EXERCISE DATA.
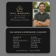 Lyxig svart och guld affärskort designad för yrkespersoner inom byggbranschen med en djärv fotolayout. Skapad för att visa upp ditt arbete samtidigt som den förmedlar styrka, kvalitet och professionalism. Perfekt för entreprenörer, byggare och byggföretag som vill göra ett kraftfullt första intryck och attrahera nya kunder. Redigerbar text och foto. Ren utskriftsklar layout.
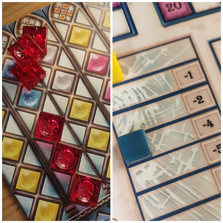Пару раз к нам присоединялся мой супруг, но после проигрышей, окрестил игру женской и больше не решался составить нам компанию, хотя и торжественно обещал играть со мной в Азул после отъезда мамы ☺️Нам же с мамой Азул: Витражи Синтры доставил огромное эстетическое, тактильное и эмоциональное удовольствие, и занял почетное место среди любимых игр наряду с Румми и Пэчворком.
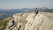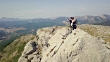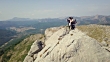 Couple taking pictures with an smartphone standing on the top of a mountain - Vidéo 4K

WORK INSTRUCTIONS. The data should be printed again unchanged; leave its pictures out.

EXERCISE OUTPUT.
 Lyxig svart och guld affärskort designad för yrkespersoner inom byggbranschen med en djärv fotolayout. Skapad för att visa upp ditt arbete samtidigt som den förmedlar styrka, kvalitet och professionalism. Perfekt för entreprenörer, byggare och byggföretag som vill göra ett kraftfullt första intryck och attrahera nya kunder. Redigerbar text och foto. Ren utskriftsklar layout.
Пару раз к нам присоединялся мой супруг, но после проигрышей, окрестил игру женской и больше не решался составить нам компанию, хотя и торжественно обещал играть со мной в Азул после отъезда мамы ☺️Нам же с мамой Азул: Витражи Синтры доставил огромное эстетическое, тактильное и эмоциональное удовольствие, и занял почетное место среди любимых игр наряду с Румми и Пэчворком.
 Couple taking pictures with an smartphone standing on the top of a mountain - Vidéo 4K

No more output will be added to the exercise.